OK, but Can We Start the Post…?

Recently looking through my various note files—notes that span stories, business ideas, project designs, blog posts, some source material, lecture notes from when I used to teach, and so forth—and noticed that about twenty-five years of these notes include more than ten million words 🎉 🤮. That doesn’t count notes that I wrote for jobs, since I’ve never kept any copies of that. In other words, it’s hard to shut me up.

Maybe of interest to some readers is that I maintain the notes (and everything else that I can) in text-based formats, when possible, a lesson that took too long for me to learn.

A Quick Story

At one of my first jobs, we started discussing the possibility of replacing large parts of the code to shift the users away from VT320 terminals and into…y’know, something more like a windowed application on a graphical operating system, like the rest of the world did. I forget why we didn’t just direct them to VT320 emulators, which was my initial recommendation to buy time while we worked on a more robust solution. That’s not important for the story, though.

As we started estimating the scope of this project, I asked the obvious question: Where were the original specifications for the system? Specifically, how would we know that the new version provided what the original promised.

My boss sent someone off to the archives, coming back with a dusty, bent 5¼” floppy disk. The file system on the disk was some Apple format that we all considered archaic even then, and once we found a way to extract the data from the disk, found an indecipherable binary file.

Making matters worse, nobody could remember what application they used to write the documentation almost twenty years prior. The documentation, then, was completely inaccessible, leaving us without viable documentation beyond our own knowledge of the software.

A Longer Story

As I mentioned above, I taught—college graduate courses—for about fifteen years. Because my first class split the students between two facilities with a video link, I settled on a process of producing a complete set of notes to refer to when I would inevitably lose track of where I was in the lecture, a sparser outline to distribute to help students keep track of where we should be, and a presentation to show on one screen that mostly followed the outline.

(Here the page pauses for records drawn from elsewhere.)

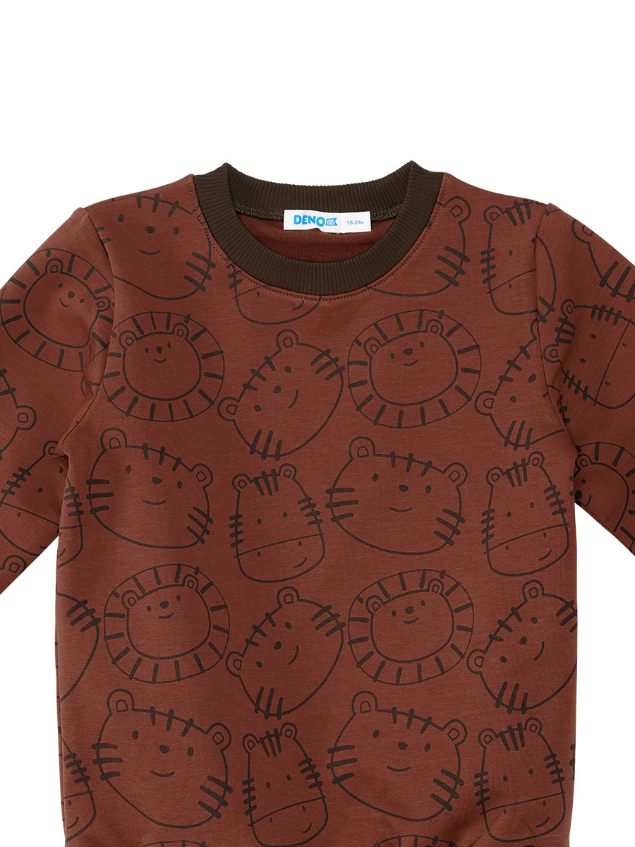 Long sleeve, thick fabric brown tracksuit. Allover, cute animal print on. Easy to wear on&off due to its snap fasteners on shoulder. Elasticated waist and ankles. All Denokids products are produced within Kids Safety Guidelines. To avoid an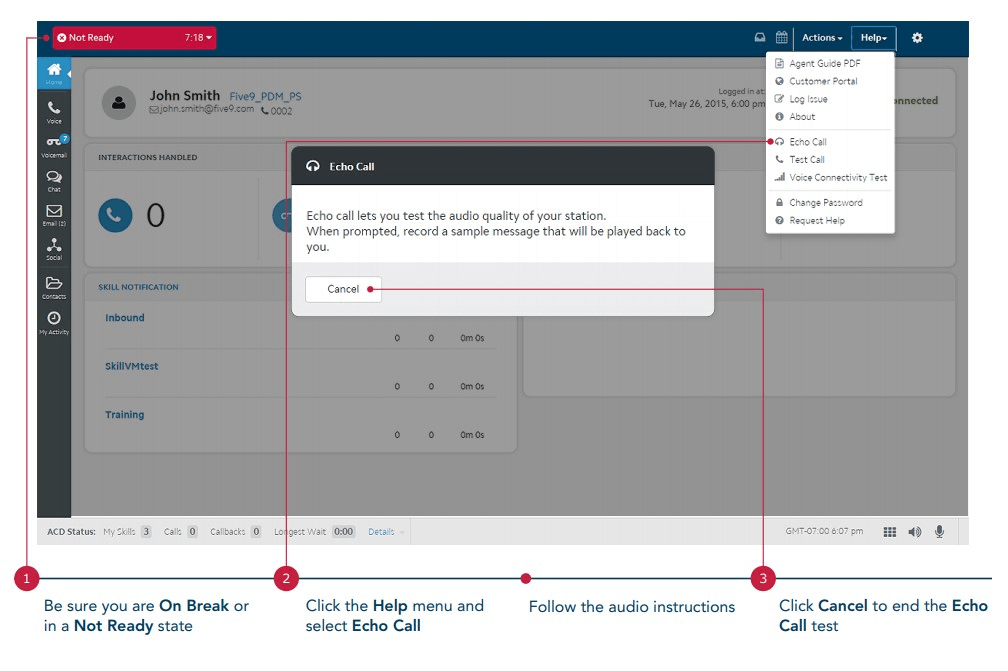 If proper audio connection is established when signing into your Five9 station, this is what you will hear.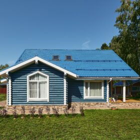 Определяя с оттенком фасада, необходимо учесть, что вначале нужно выбрать цвет кровли. Это связано, в первую очередь, с тем, что выбор оттенков кровельных материалов не столь велик по сравнению с палитрой фасадных красок.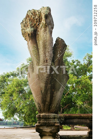 世界遺産アンコールワットは、アンコールトムのナーガの石像

I initially wrote these in whatever version of WordPerfect that I had at the time, which most of the school also used.

Eventually, WordPerfect fell out of favor. The school no longer had copies, so I started importing the WordPerfect files into Microsoft Word every week. That worked, but the conversions had enough flaws that I needed to manually review every lecture to fix the layout. Not wanting to go through that every year, I quickly just converted all the files to Word’s (old) format.

A couple of years later, I moved to OpenOffice.org at home. Learning my lesson about the tedious imports, I installed the software on the computer at my office at school, and converted everything for the second time, this time learning to use features like styles.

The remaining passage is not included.